Visual ChangeNet-Classification

Visual ChangeNet-Classification is an NVIDIA-developed classification change detection model and is included in the TAO Toolkit. Visual ChangeNet supports the following tasks:

train
evaluate
inference
export

These tasks can be invoked from the TAO Toolkit Launcher using the following convention on the command-line:

Copy
Copied!

            
            tao model visual_changenet <sub_task> <args_per_subtask>

Where args_per_subtask are the command-line arguments required for a given subtask. Each subtask is explained in detail in the following sections.

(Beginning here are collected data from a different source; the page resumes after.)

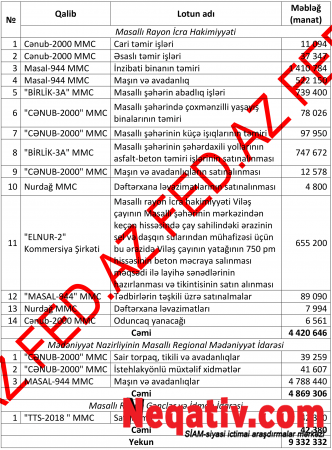 Dia.az-ın məlumatına görə, İcra hakimiyyəti 14 tenderə 4 milyon 420 min 646 manat xərcləyib. Masallıda Rayonun İcra Hakimiyyətinin keçirdiyi ən böyük tenderin qalibi Masal-944 MMC (1 milyon 410 min 784 manat) olmuşdur.
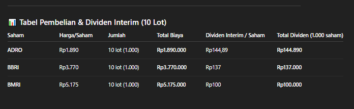 Harganya lumayan Premium 100 x 100 lembar saham anda sudah dapat dividen sekitar 10,000 rupiah
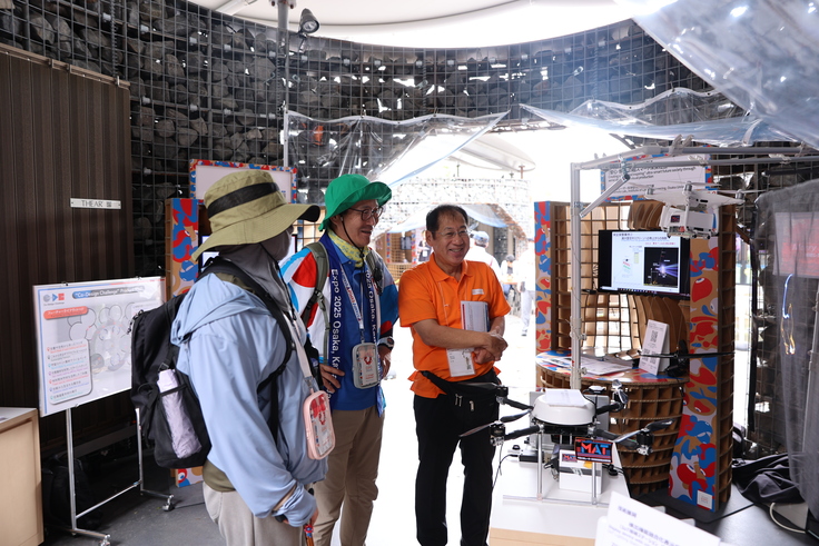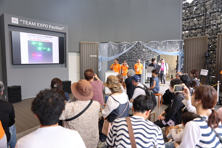 万博の目玉の木造大屋根リングのあるメイン会場から離れた西側のはずれに位置するにも関わらず、のべ200人以上の方がブースを見学され、ステージもほぼ満席状態でとても盛況でした。EXPO会場は特例のドローンショー以外ドローン飛行禁止のため実際の飛行はできませんでしたが、ドローン&レーザー技術による「安心・感動」の未来社会に関心を持っていただけたと思います。ゾーンがフ―チャーライフゾーンでもあり、お子様連れのご家族が沢山来られたことで、未来技術への期待をひしひしと感じました。

Data Input for VisualChangeNet

VisualChangeNet-Classification requires the data to be provided as image and CSV files. See the Data Annotation Format page for more information about the input data format for VisualChangeNet-Classification, which follows the same input data format as Optical Inspection.

Creating a Training Experiment Spec File

Configuring a Custom Dataset

This section provides example configuration and commands for training VisualChangeNet-Classification using the dataset format described above.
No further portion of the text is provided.